Items from a dataset:

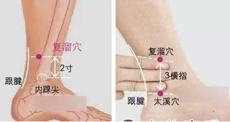 复溜 ฟูลิว (Fuliu, KI7) ฟู้ลิว ตำแหน่งอยู่ที่ขาด้านในเหนือตาตุ่มด้านใน 2 ชุ่น
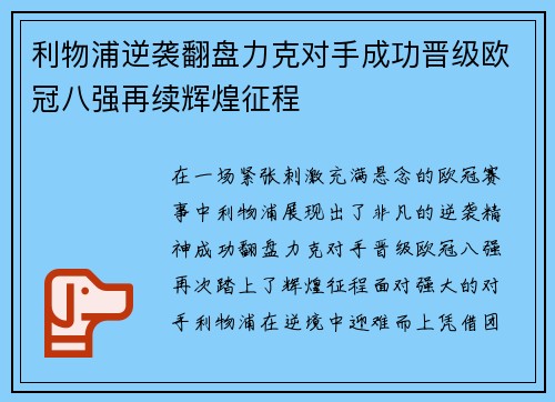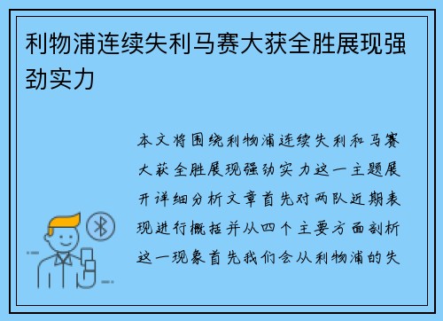 本文将围绕利物浦连续失利和马赛大获全胜展...
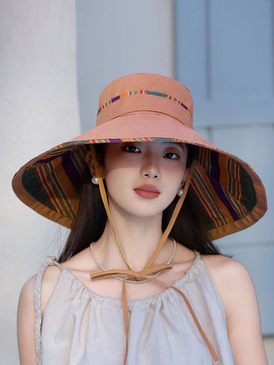 Ženska kapa otporna na sunce s etničkim prugama u boji i remenom
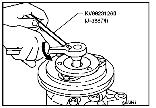 - When removing center bolt, hold clutch disc with clutch disc tool.
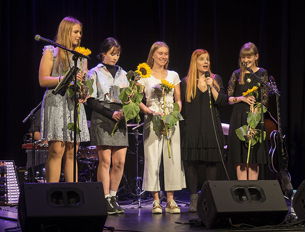 Podczas koncertu wysłuchaliśmy również piosenek z repertuaru pani Osińskiej, śpiewanych przez nasze koleżanki: Paulinę Prokop, Karolinę Żyźniewską, Aleksandrę Jeznach i Karolinę Zagrobę, które uraczyły nas fenomenalnymi wykonami utworów, choć wcale niełatwych do opracowania, to bajecznie przyjemnych do wysłuchania. Trud i wysiłek, które włożyły w ich przygotowanie, nie poszły na marne – publiczność, jak i sama pani Dorota, była pełna zachwytu. Brawo Wy, dziewczyny!
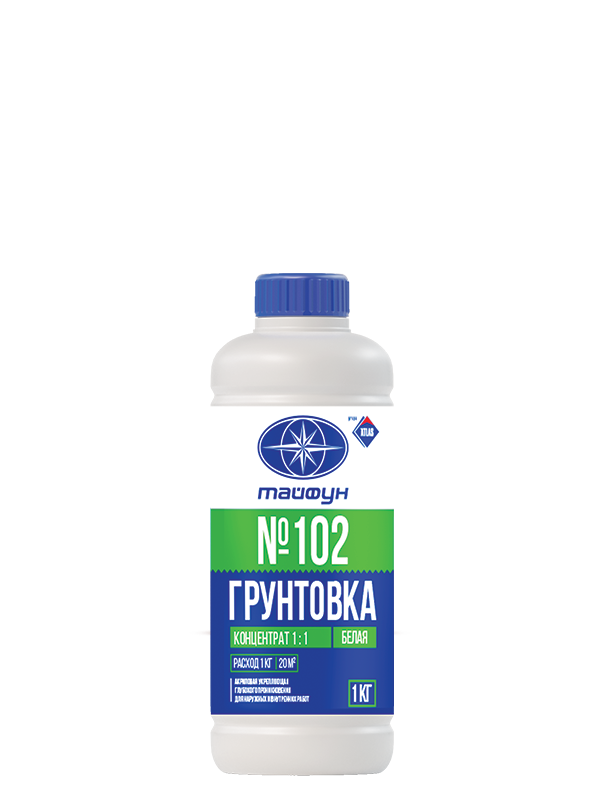 Акриловая грунтовка-концентрат Тайфун Мастер №102 применяется для внутренних и наружных работ по укреплению пористых и непрочных оснований (гипс, кирпич, бетон, штукатурка). Расход: 0,05-0,07 кг/м2. Разбавляется водой 1:1. Высыхает в течение 4 часов.

TASK DETAILS. Here the job is to repeat the entries verbatim while leaving all pictures out.

RESULT OF THIS TASK.
 复溜 ฟูลิว (Fuliu, KI7) ฟู้ลิว ตำแหน่งอยู่ที่ขาด้านในเหนือตาตุ่มด้านใน 2 ชุ่น
 本文将围绕利物浦连续失利和马赛大获全胜展...
 Ženska kapa otporna na sunce s etničkim prugama u boji i remenom
 - When removing center bolt, hold clutch disc with clutch disc tool.
 Podczas koncertu wysłuchaliśmy również piosenek z repertuaru pani Osińskiej, śpiewanych przez nasze koleżanki: Paulinę Prokop, Karolinę Żyźniewską, Aleksandrę Jeznach i Karolinę Zagrobę, które uraczyły nas fenomenalnymi wykonami utworów, choć wcale niełatwych do opracowania, to bajecznie przyjemnych do wysłuchania. Trud i wysiłek, które włożyły w ich przygotowanie, nie poszły na marne – publiczność, jak i sama pani Dorota, była pełna zachwytu. Brawo Wy, dziewczyny!
 Акриловая грунтовка-концентрат Тайфун Мастер №102 применяется для внутренних и наружных работ по укреплению пористых и непрочных оснований (гипс, кирпич, бетон, штукатурка). Расход: 0,05-0,07 кг/м2. Разбавляется водой 1:1. Высыхает в течение 4 часов.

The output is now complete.